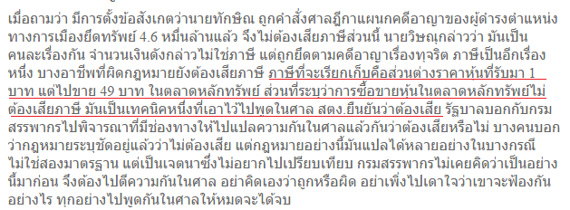 แปลความได้ว่า ถึงแม้กฎหมายจะบอกว่าไม่ต้องเสีย แต่ถ้าคลังจะเอาคุณก็ต้องจ่ายอย่างนั้นก็ได้เหรอ ... ประเทศไทย
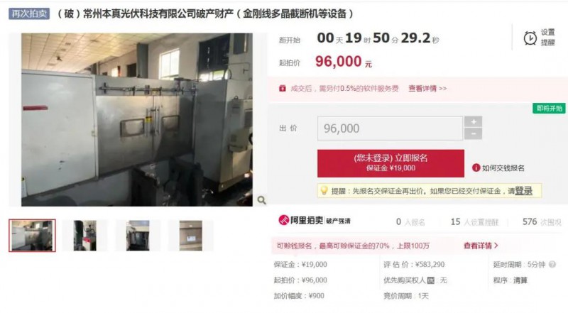近日,一批土地使用權、光伏電站機器設備及金剛線多晶截斷機、上下料機、太陽能晶片計數(shù)儀等光伏設備即將在阿里司法拍賣平臺進行拍賣。
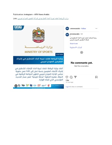 Publication: Instagram – ARN News Arabic Link: ﻲﺑﯾرﺟﺗ جذوﻣﻧﻛ نﯾﻣﯾﻘﻣﻟا كارﺷإ ﻲﻓ ﺞﻧرطﺷﻟا دﺎﺣﺗا ﺔﺑرﺟﺗ دﻣﺗﻌﺗ ﺔﺿﺎﯾرﻟا ةرازو
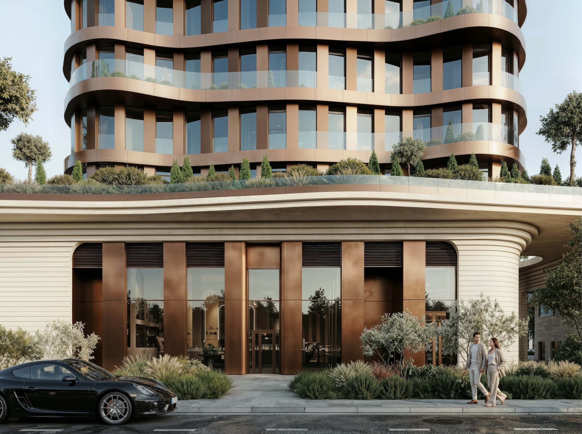 At street level, a robust, rusticated base with generous shopfront glazing and clear entrances extends the public realm, while the residential floors above remain calm and private. The material palette combines fibre-reinforced concrete panels with metal cladding to bridge tactile solidity and reflective lightness.
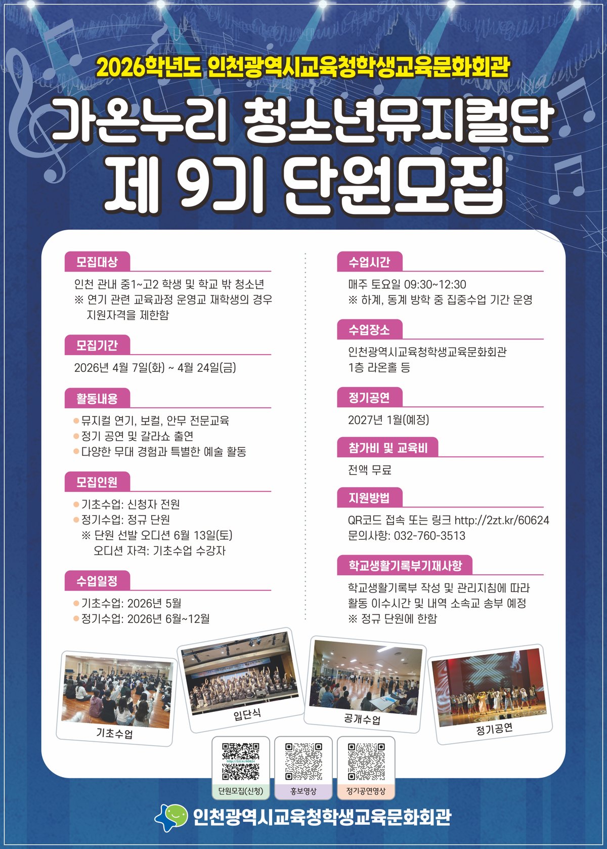 학생교육문화회관 관계자는 "뮤지컬, 연극, 보컬, 댄스 등 다방면에 끼와 재능을 갖춘 인천 관내 청소년들의 많은 관심과 지원을 바란다"며 "다양한 무대 경험과 내실 있는 전문 교육을 통해 학생들이 각자의 결에 맞게 진로를 탐색하고 성장할 수 있도록 아낌없이 지원하겠다"고 말했다.
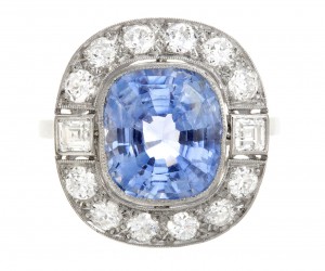 Natural Ceylon Sapphire & Diamond Ring c.1930
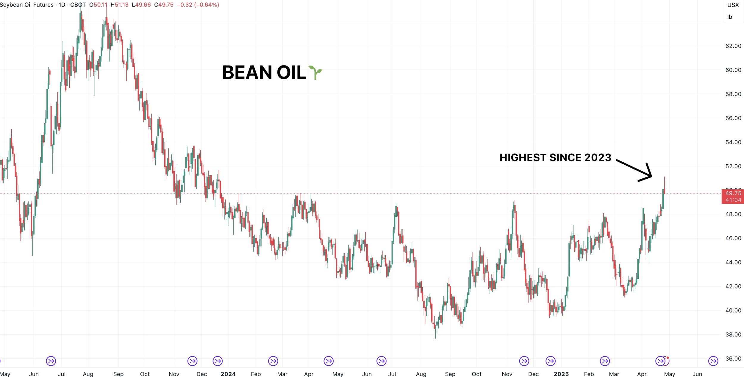 Soybeans finally broke above the 200-day MA for the first time since 2023.
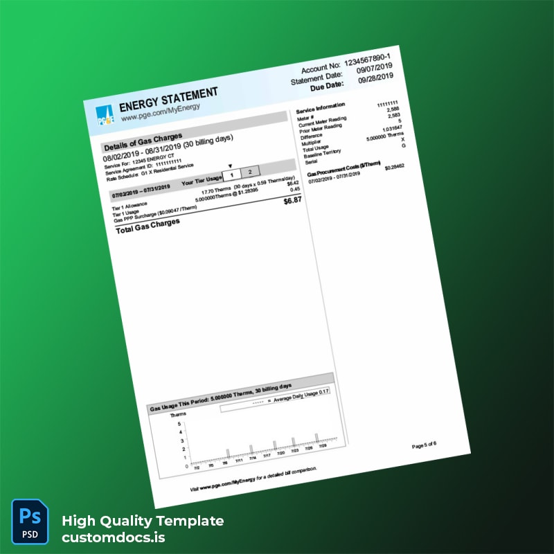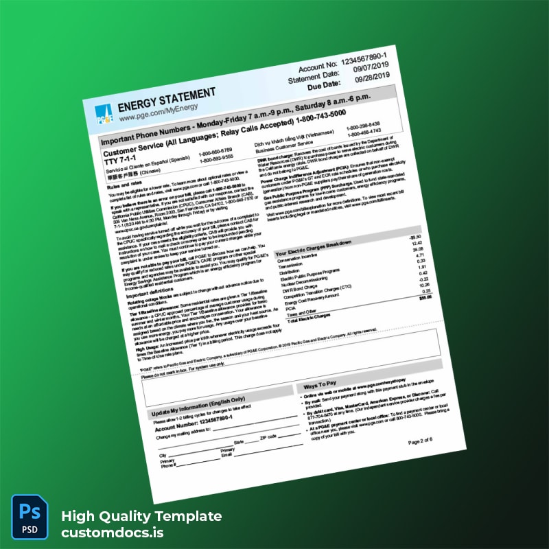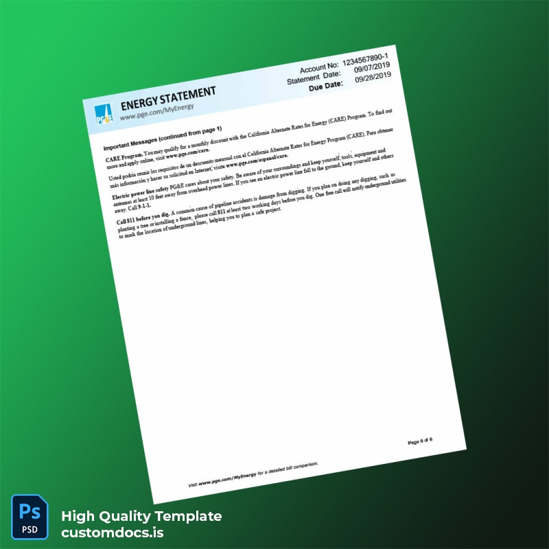 Silicon Valley Clean Energy Editable Utility Bill Template in Word and PDF formats 6 page
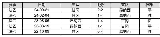 昂纳西 VS 甘冈两队近10年的交战次数为5场,昂纳西2胜2平1负,赢球概率为40.0%,平局概率为40.0%,输球概率为20.0%。
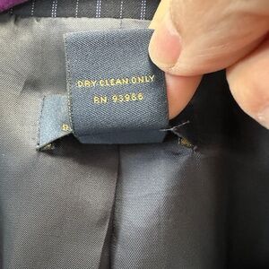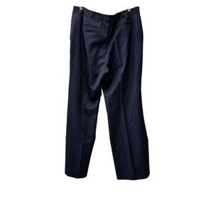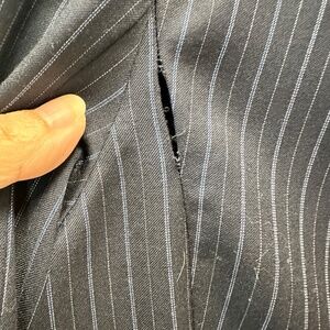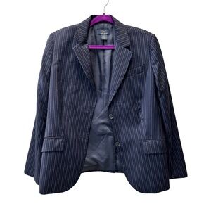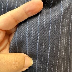 This is a navy blue pinstripe Brooks Brothers 346 Pinstripe, fully lined wool suit. The suit jacket is in a size 14, the fully lined pants are in a size 16. There is one wear mark, and one seam pull. The price is reflecting this.
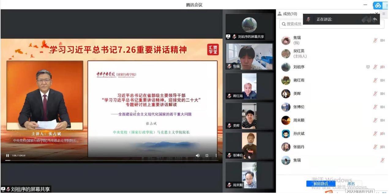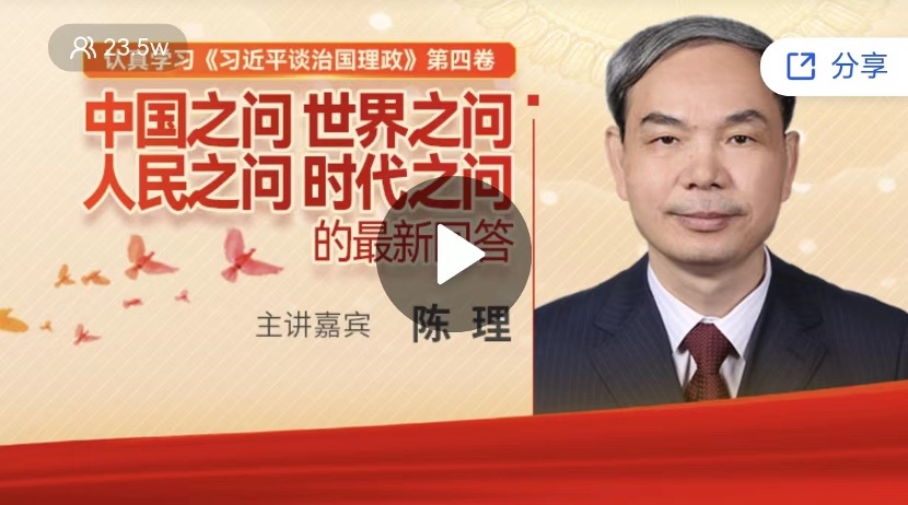 本次线上学习内容由第十三届全国政协委员张占斌教授主讲的“全面建设社会主义现代化国家的若干重大问题——《习近平总书记在省部级主要领导干部‘学习习近平总书记重要讲话精神,迎接党的二十大’专题研讨班上重要讲话解读》”和中共中央党史和文献研究院学术和编审委员会原主任陈理主讲的“ 中国之问、世界之问、人民之问、时代之问的最新回答——认真学习《习近平谈治国理政》第四卷”两部分组成。
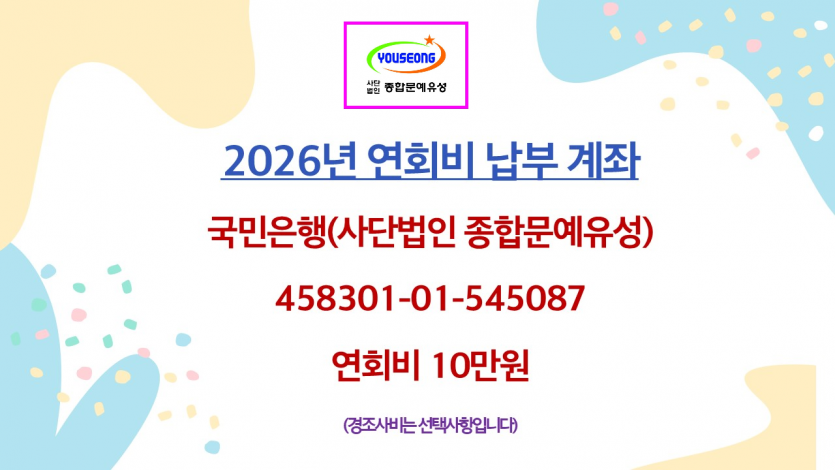 (사)종합문예유성 2026 연회비 납부 안내
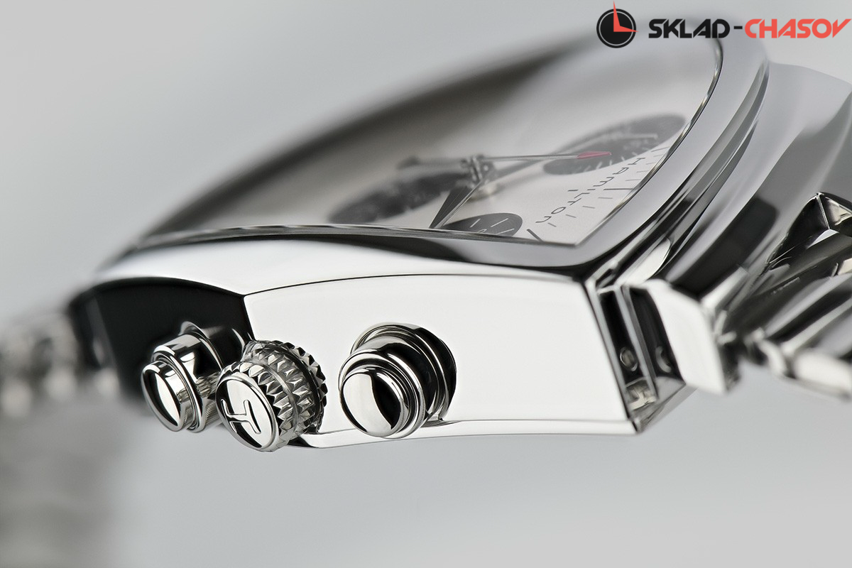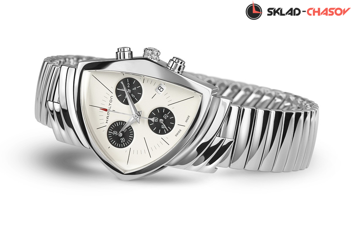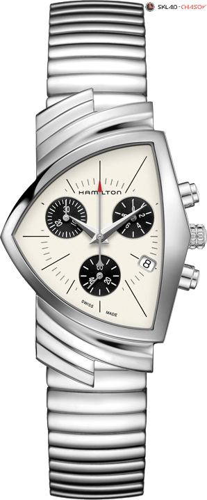 Последнее воплощение Ventura - модель со спортивным хронографом. Окошко даты в положении 4 часа. Браслет сделан эластичным, что делает эти часы удобным и комфортным аксессуаром.
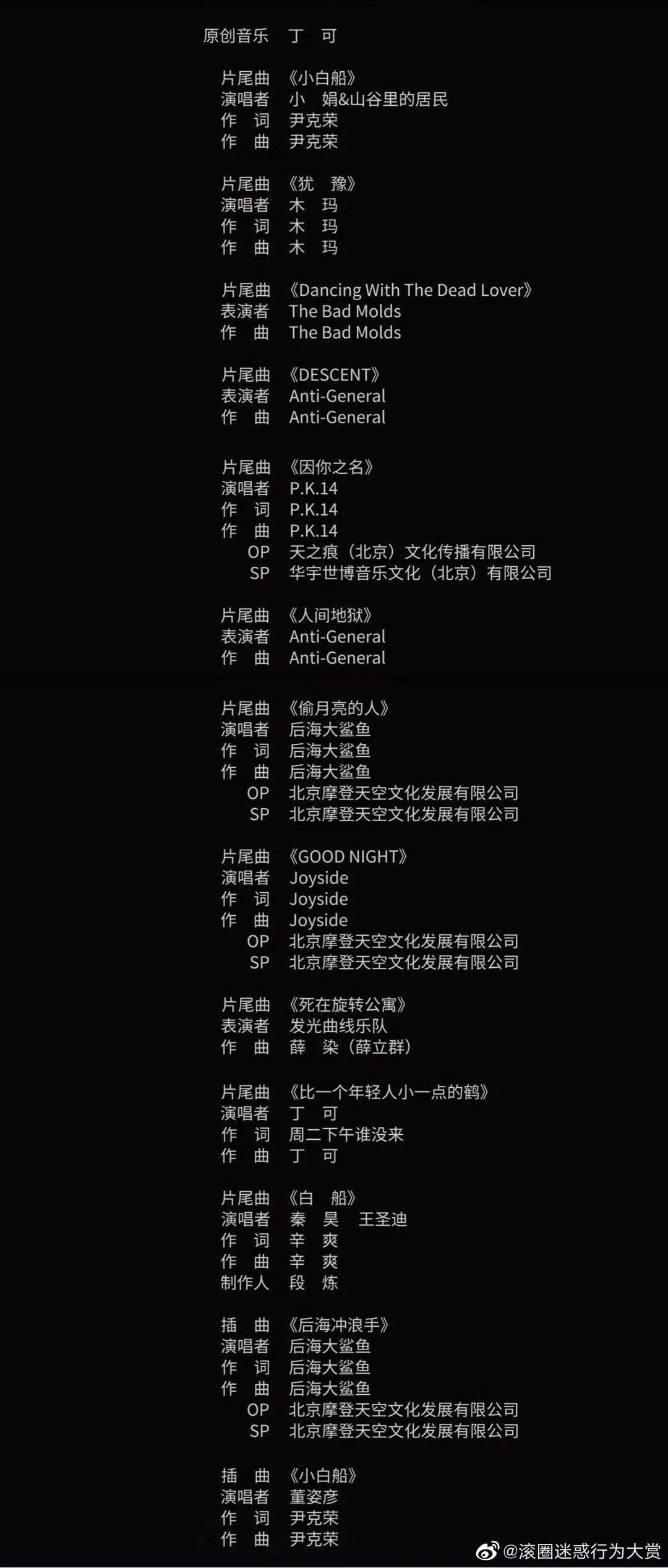 在《隐秘的角落》里,每一集都有一首专属的片尾曲,表达那一集的情绪,看看这些歌名——“Dancing With The Dead Lover”、《人间地狱》《死在旋转公寓》……人间阴乐名副其实。
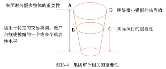 集團項目組或代表集團項目組的組成部分注冊會計師應當運用該組成部分的重要性(即圖16-5中的小杯子),對組成部分財務信息實施審計。
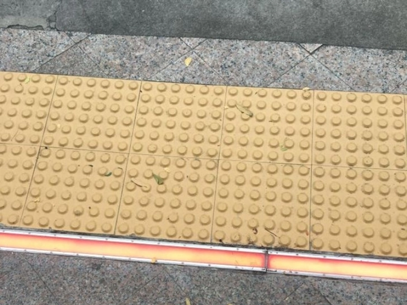 15. The ground of this sidewalk has traffic lights installed for phone users.
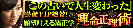 この占いがキッカケで『恋叶った』『人生変わった』各界大物・芸能VIP達がその的中力と成就力を実際に体験し絶賛! 人気占い師・飯島寛子の“運命正理術”で、正しい理の元、人生の歪みを矯正し幸福な結末に導きます。要らないものを捨てればあなたの願望は叶います。
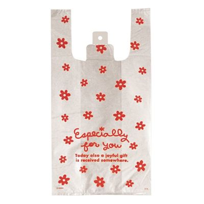 商品の特徴:赤の花柄が印象的なレジ袋です。通年通して使えるデザインで、子どもや女性に好まれます。
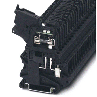 Hendelzekeringsklem, kleur zwart, voor 5 x 20 mm glaszekeringen, met led voor 24 V DC
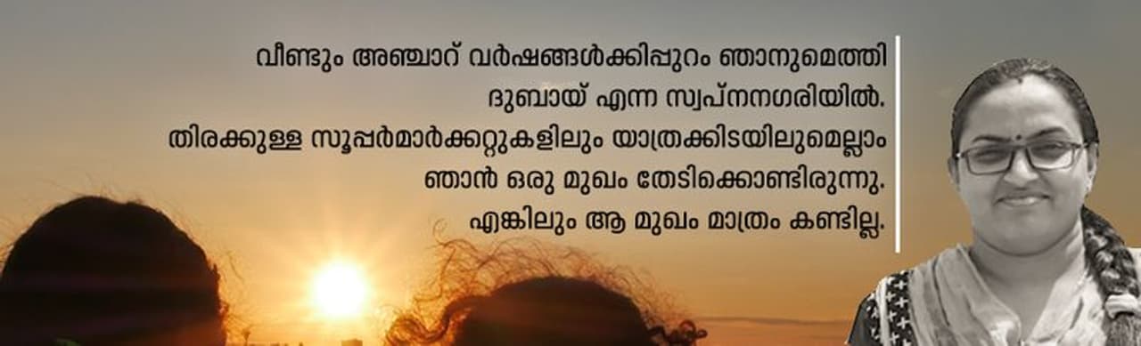 വീണ്ടും അഞ്ചാറ് വർഷങ്ങൾക്കിപ്പുറം ഞാനുമെത്തി ദുബായ് എന്ന സ്വപ്നനഗരിയിൽ. തിരക്കുള്ള സൂപ്പർമാർക്കറ്റുകളിലും യാത്രക്കിടയിലുമെല്ലാം ഞാൻ ഒരു മുഖം തേടിക്കൊണ്ടിരുന്നു. എങ്കിലും ആ മുഖം മാത്രം കണ്ടില്ല. ജോലിയുടെ തിരക്കുകളിൽ നിന്നൊഴിവുകിട്ടിയ ഒരു ദിവസം വെറുതെ മനസ്സിലേക്ക് അവൾ എത്തി.
********************
# REQUIRED ACTION:
Once the line with "Natural Ceylon Sapphire" is found above, transcribe each line from it through the line with "This is a navy", exactly, and omit the pictures.

# FINISHED TASK:
 Natural Ceylon Sapphire & Diamond Ring c.1930
 Soybeans finally broke above the 200-day MA for the first time since 2023.
 Silicon Valley Clean Energy Editable Utility Bill Template in Word and PDF formats 6 page
 昂纳西 VS 甘冈两队近10年的交战次数为5场,昂纳西2胜2平1负,赢球概率为40.0%,平局概率为40.0%,输球概率为20.0%。
 This is a navy blue pinstripe Brooks Brothers 346 Pinstripe, fully lined wool suit. The suit jacket is in a size 14, the fully lined pants are in a size 16. There is one wear mark, and one seam pull. The price is reflecting this.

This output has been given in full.